Still, it is hard not to feel as though the whole world has turned its back on the victims and survivors of such unfathomable ethnic cleansing. The Darfur camps are pictures of misery and squalor, languishing without humanitarian assistance, and sometimes come under fire from merciless combatants. Subsequently, thousands of Darfurians flee across the ragged border into Aweil, South Sudan, each day.

Abraham’s dilemma in trying to support Darfurians as well as his own impoverished, hungry, and war-wracked population – compounded by the unprecedented drought covering swaths of sub-Saharan Africa – means the area is being pushed to the brink of collapse and desperation. South Sudan is already considered one of the worst places on the planet to be a child, with almost every infant suffering acute malnourishment. Moreover, the global assistance that once existed has dwindled into oblivion, stretched by the emergency demands of the Covid response, the war in Ukraine, and other catastrophes.

Nothing in this region comes easy, and endless war kills both quickly and slowly. Unfortunately, with such expansive and systemic problems, the situation in Darfur and South Sudan does not appear to have any end in sight.

Does anyone care? These wars are forgotten. These countries are too. War crimes are officially filed away to collect dust, and everyone is supposed to move on from them.

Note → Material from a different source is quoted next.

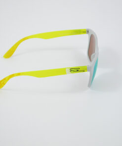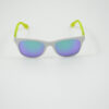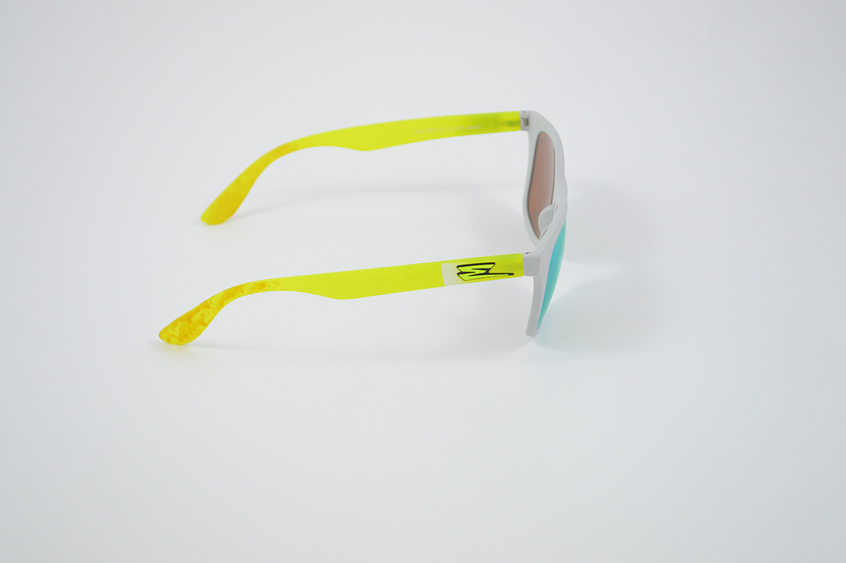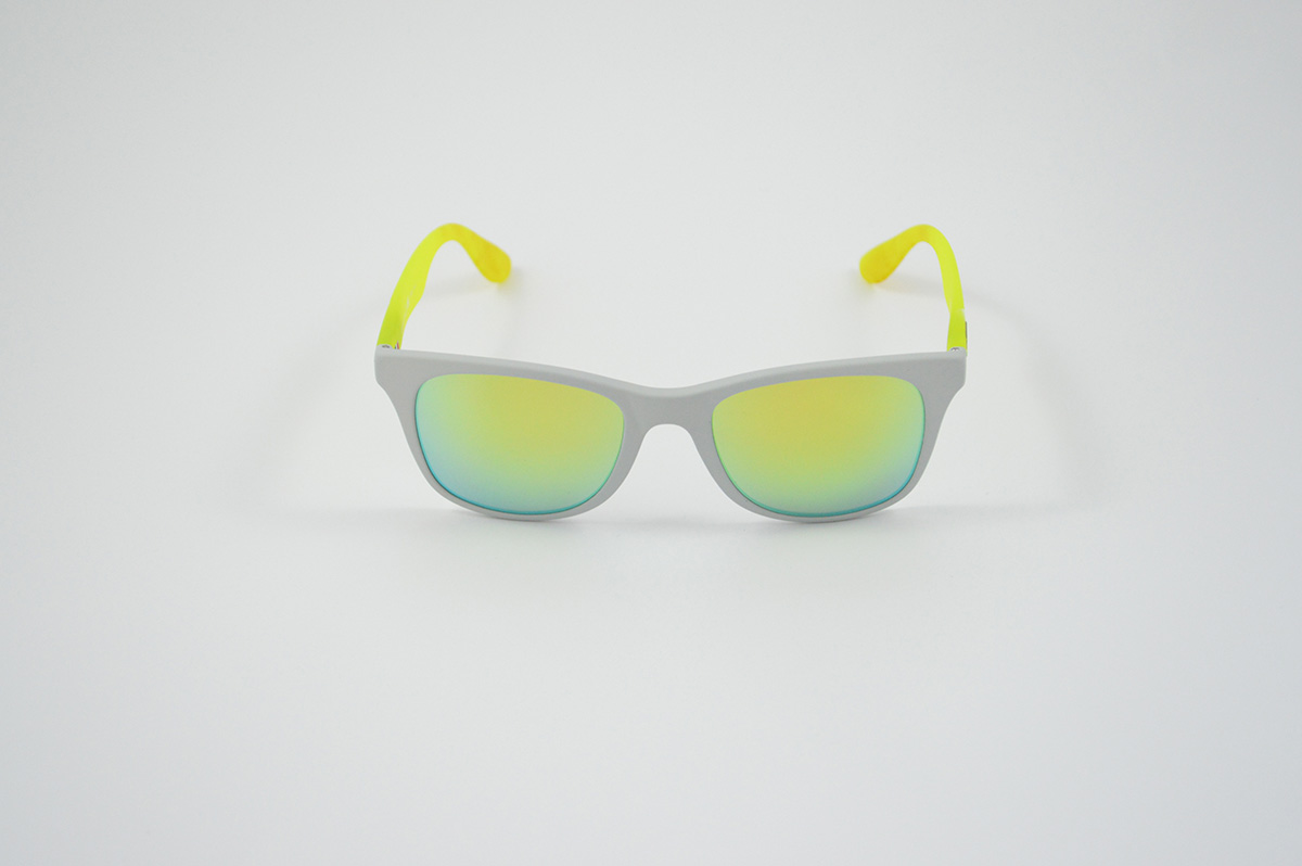 Sunglasses with 2 color, the frontal part is rubberized in opaque grey color, the frosted temples are yellow with white shades and sponged on the final part. The lenses are yellow and mirrored.

What has been the response from power players in Washington, DC, so far?

“The message we are hearing is that people want to stay away from giving help because of corruption,” Abraham admits. “But there is a way around this, to help, so it goes to the people.”

In Aweil, Abraham’s office is nothing more than a decrepit hut with a dirt floor. He hints at the laziness of top brass in international fields, abandoning the matter out of frustration rather than working diligently for a solution which he says comes down to vetting, protocols, and working with the right people.

“Imagine you are driving and realize you are going in the wrong direction,” Abraham continues. “Do you continue going down that road? Or do you turn around and find a better way?”

He lists a multitude of ways the international community could assist Aweil, from planting drought-resistant Moringa trees – highly valued for their edible parts and water purification – to helping the masses of displaced live beyond the “pieces of plastic” used for shelter.

Certainly, Abraham has witnessed much more than one should or could in a lifetime. He feels the persistent weight of anguish but refuses to give up hope of something better for the people of the north and the south, dedicating all his waking hours to helping and seeking help.

What is so exceptional about this man is his willingness to extend a hand to Darfurians, many of whom hail from the same lineage of an enemy that cost him his own childhood.

“We have been divided on religious bases, or where we come from. But we cannot continue like that,” Abraham stresses. “Regardless of the past, now, if you need help, I will try to give you everything you need.”

With sparse resources beyond the backing of close friends and family abroad, this famed Bishop has built a dozen primary and secondary schools as well as a pastoral college in the Aweil Diocese, a considerable feat given that protracted conflict continues in and around the world’s “newest country.”

Beyond giving the gift of quality education in a time of uncertainty and darkness, Abraham works tirelessly to mentor youth, bolster orphanages and offer shelter to children relegated to the streets. It’s the sort of vocation that can never be finished, and one can never really be content despite the thousands of lives saved.

In his moments of memory and pain, Abraham still finds solace in the Bible, reminded of the central tenant that generosity yields an amazing crop, and when we refresh others through giving, we are refreshed ourselves.

“As Luke 6:38 says, ‘Give, and it will be given to you,'” he reminds me with a flashing smile. “As Christians, as humans, it is not enough to love your neighbor as yourself. You should want to love your enemies too and pray for your enemies.”